Allenamento dorsali bodybuilding: a cosa prestare attenzione?

Gli esercizi per il dorso richiedono grande attenzione; ecco qualche consiglio utile da tenere in considerazione:

  • il controllo scapolare è importante: inizia l’esercizio partendo proprio dalla scapola, che deve essere addotta e depressa
  • cerca il massimo allungamento del muscolo: negli esercizi di tirata orizzontale porta avanti la spalla, in quelli di tirata verticale portala verso l’alto
  • sia la concentrica che l’eccentrica devono essere eseguite lentamente e in pieno controllo
  • non cercare compensi “strattonando il bilanciere”, muovendo il tronco o coinvolgendo troppo i bicipiti: cos’ facendo rischieresti di farti male e comunque non raggiungeresti i tuoi obiettivi.
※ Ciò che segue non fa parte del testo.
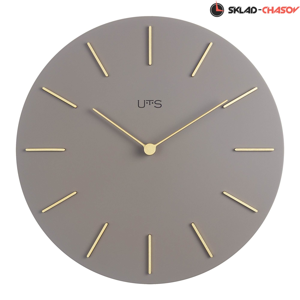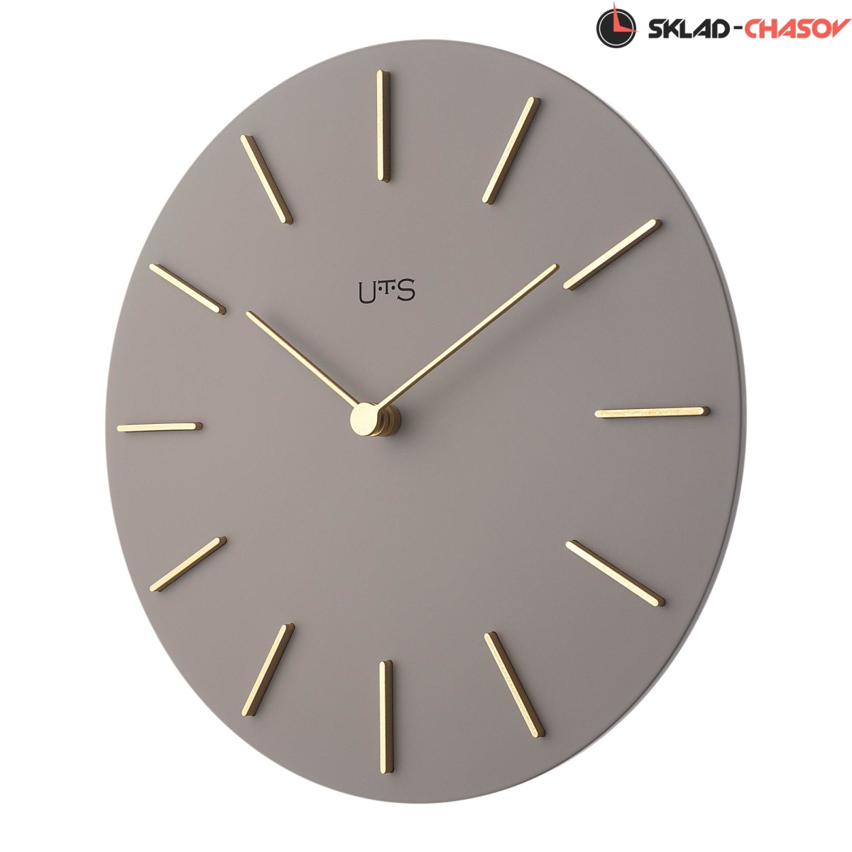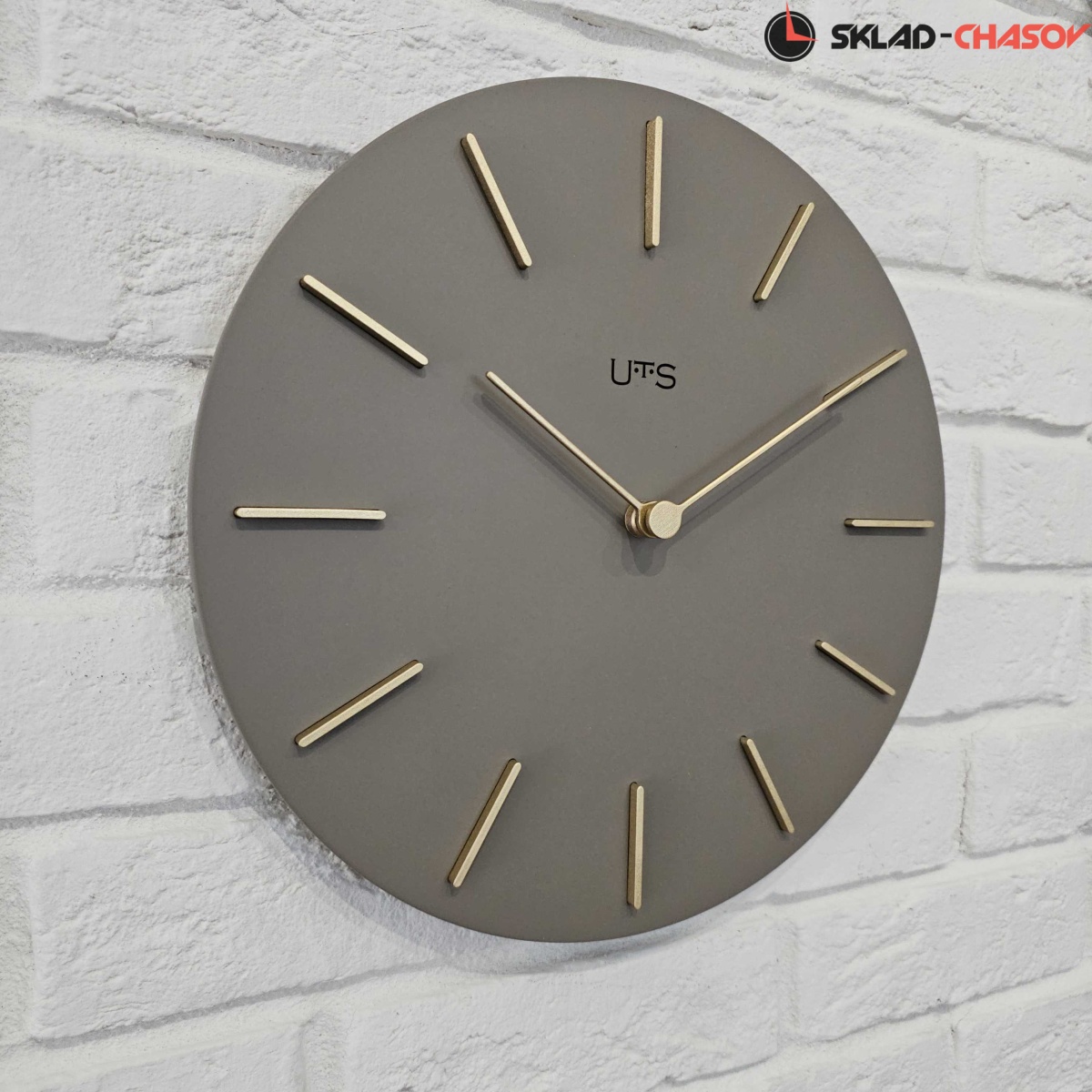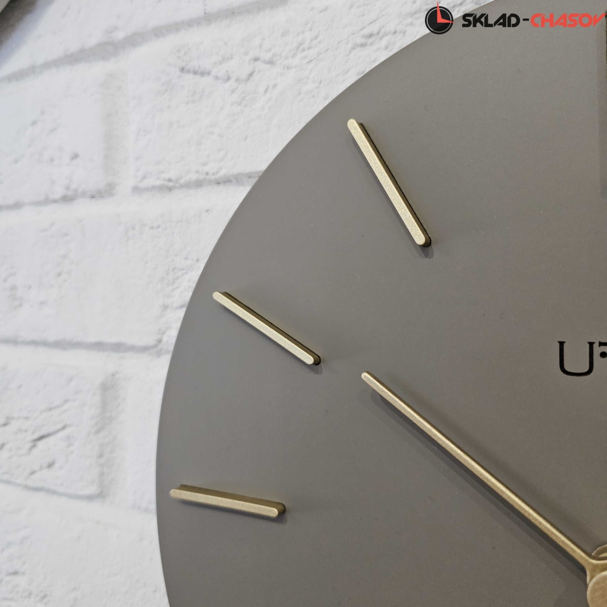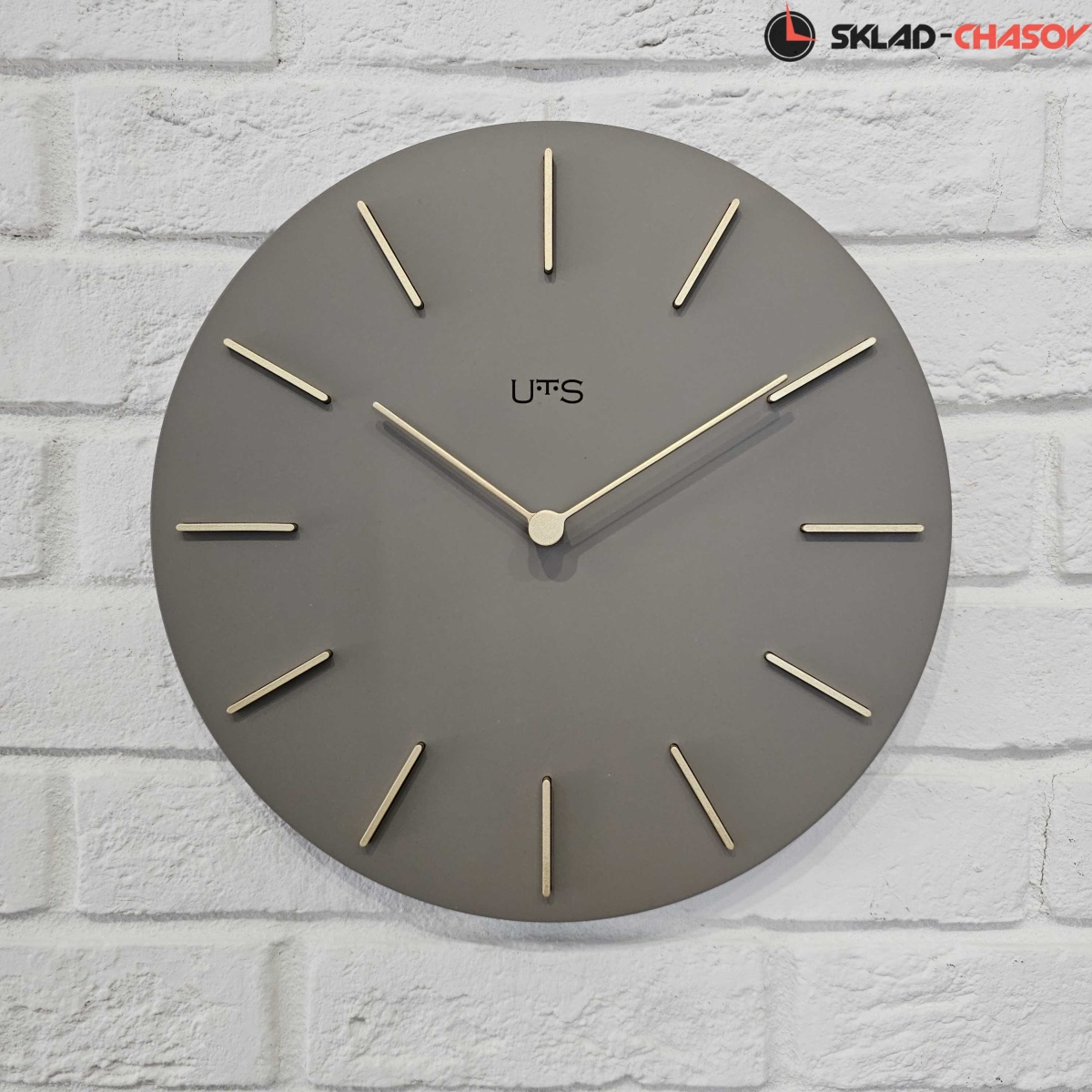 Кварцевые настенные часы с современном стиле. Корпус выполнен из МДФ и тонирован в серо-коричневый цвет. Объемные часовые индексы сделаны из пластика золотого цвета и аккуратно утоплены в специальных ложементах. В часах установлен тихий, точный и надежный механизм Young Town 12888 c дискретным ходом. Необходим 1 элемент питания типа АА (в комплект не входит).

Scheda allenamento dorsali | Conclusione

L’allenamento del dorso richiede di prestare attenzione a due elementi fondamentali:

  1. cura del gesto tecnico
  2. sufficiente varietà di esercizi che consentono l’allenamento dei numerosi muscoli presenti

Possiamo suddividere gli esercizi principali in due grandi categorie:

  • esercizi di tirata orizzontale – le remate
  • esercizi di tirata verticali – le trazioni

Allenarsi in multifrequenza consente di costruire una scheda di allenamento completa ed efficace, permettendo di concentrarsi in una seduta nelle varie tipologie di rematori, nell’altra negli esercizi di trazione.